OpenSecrets also lists numerous other donations to national Republican committees, including more than $660,000 to the Republican National Committee and approximately $960,000 to the National Republican Senatorial Committee — donated by Anschutz and his wife Nancy since 2016.

Money as a political lever

This is politically relevant because it is precisely these levels that determine whether anti-queer laws are passed, whether immigration policy is tightened and whether Trump-related projects are institutionally secured. Anschutz does not simply finance conservative positions, but rather concrete instruments of power. Republican governors supported by the RGA are currently passing legislation that will force local police to cooperate in ICE deportation raids – a crucial lever for Trump’s immigration campaign. The Anschutz Corporation donated exactly $125,000 to the RGA on April 3, 2025.

The larger context is a culture war from above. Right-wing conservative forces have two crucial resources at their disposal: money and organizational discipline. Those who support these networks not only strengthen a party, but also a permanent shift in the social debate to the right.
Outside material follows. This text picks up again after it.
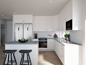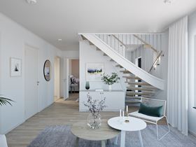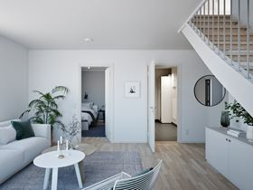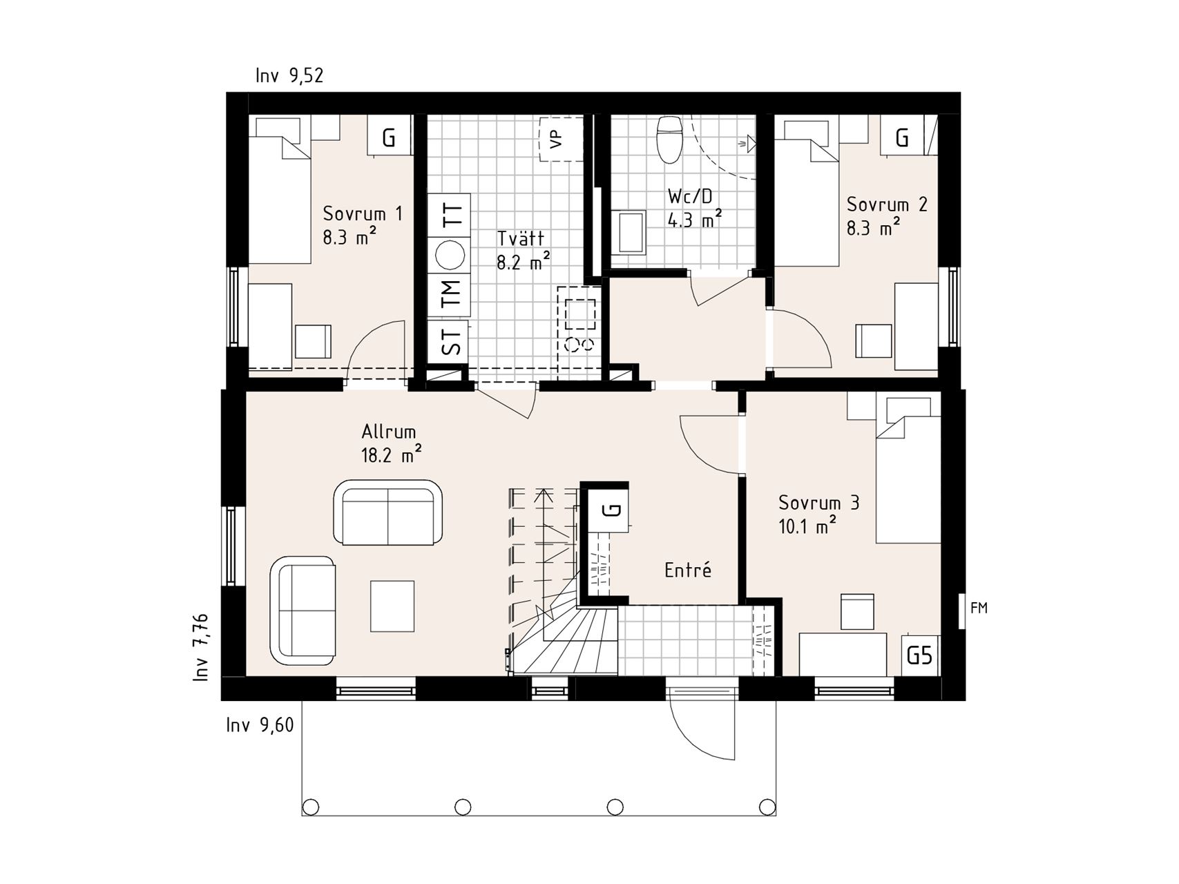 Det här planet är perfekt för familjens barn och ungdomar, med tre sovrum och ett allrum som har eget pentry. Och från entrén kan du även ta trappan upp till övervåningen, till husets gemensamma ytor. Planlösningen kan spegelvändas.

Coachella is a symbol of the contradiction between surface and power: at the front, diversity, creativity and freedom, at the back, an owner whose money strengthens Republican and Christian right networks. Philip Anschutz exemplifies a form of influence that is not loud, but is enormously effective.

If you want to understand Coachella, you don’t just have to look at the stage, but also at the balance sheet. Because it shows how capital, culture and politics have merged in the USA.